Jovan Šarčević

Personal information
- Full name: Jovan Šarčević
- Date of birth: 7 January 1966
- Place of birth: Zrenjanin, SFR Yugoslavia
- Date of death: 26 November 2015 (aged 49)
- Place of death: Kuwait City, Kuwait
- Height: 1.91 m (6 ft 3 in)
- Position: Defender

Senior career*
- Years: Team / Apps / (Gls)
- 1985–1991: Proleter Zrenjanin / 110 / (9)
- 1991–1993: Vojvodina / 48 / (2)
- 1993–1994: Proleter Zrenjanin / 27 / (2)
- 1994–1995: LG Cheetahs / 31 / (1)
- 1996–1999: Spartak Subotica / 50 / (8)
- 2000–2004: Budućnost Banatski Dvor / 95 / (33)

Managerial career
- 2008-2013: Vojvodina (academy)

= Jovan Šarčević =

Serbian footballer (1966–2015)

Jovan Šarčević (Serbian Cyrillic: Јован Шарчевић; January 7, 1966 – November 26, 2015) was a Serbian football player.

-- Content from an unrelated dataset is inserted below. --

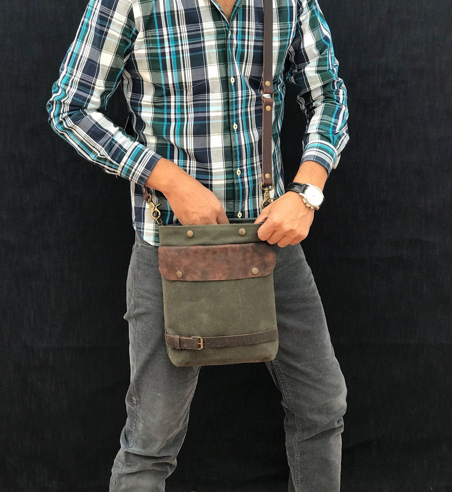 Material:Genuine Leather Canvas Chest Bag

He died on November 26, 2015, in Kuwait City.

==Club career==
Šarčević started his career with Proleter Zrenjanin in 1985, where he stayed until 1991 and played a total of 137 official matches in all competitions. He later played for FC Seoul (then known as the LG Cheetahs) of the South Korean K League between 1994 and 1995, making a total of 35 appearances in all competitions. He had a trial with Pusan I'cons at the end of 1999, but failed to join the club.

He later worked as a youth coach at Vojvodina.